• _Work item_
Without the images, print every line of the material below exactly as given.

Start of Source material

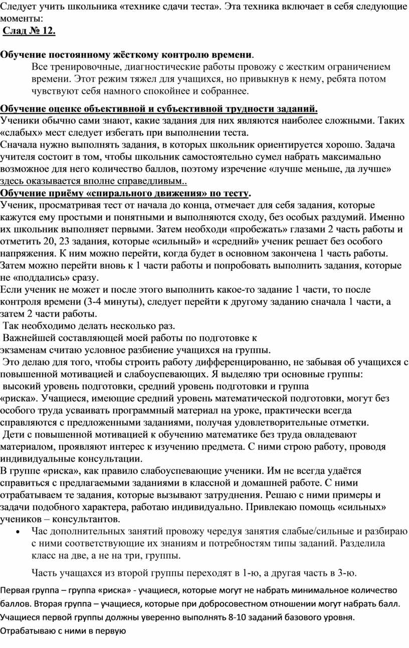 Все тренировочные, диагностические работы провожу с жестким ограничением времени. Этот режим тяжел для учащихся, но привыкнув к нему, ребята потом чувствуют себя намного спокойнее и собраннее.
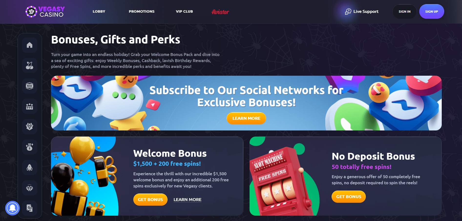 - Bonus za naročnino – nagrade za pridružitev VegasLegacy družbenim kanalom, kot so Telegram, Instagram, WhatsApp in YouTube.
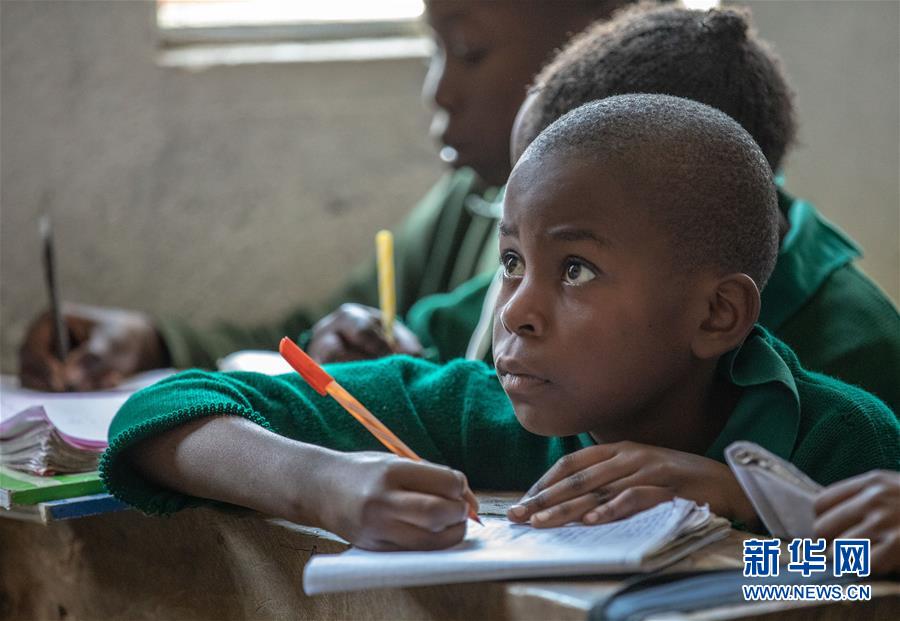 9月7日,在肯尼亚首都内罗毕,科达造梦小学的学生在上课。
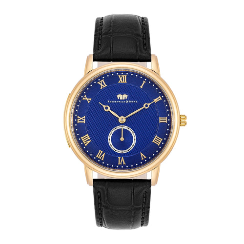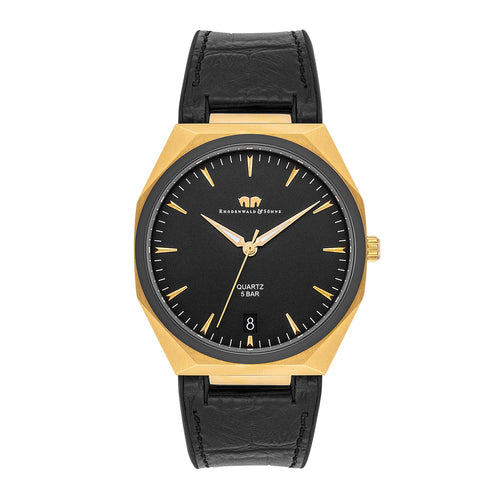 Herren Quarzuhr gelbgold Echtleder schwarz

End of Source material

• _Output for this task_
 Все тренировочные, диагностические работы провожу с жестким ограничением времени. Этот режим тяжел для учащихся, но привыкнув к нему, ребята потом чувствуют себя намного спокойнее и собраннее.
 - Bonus za naročnino – nagrade za pridružitev VegasLegacy družbenim kanalom, kot so Telegram, Instagram, WhatsApp in YouTube.
 9月7日,在肯尼亚首都内罗毕,科达造梦小学的学生在上课。
 Herren Quarzuhr gelbgold Echtleder schwarz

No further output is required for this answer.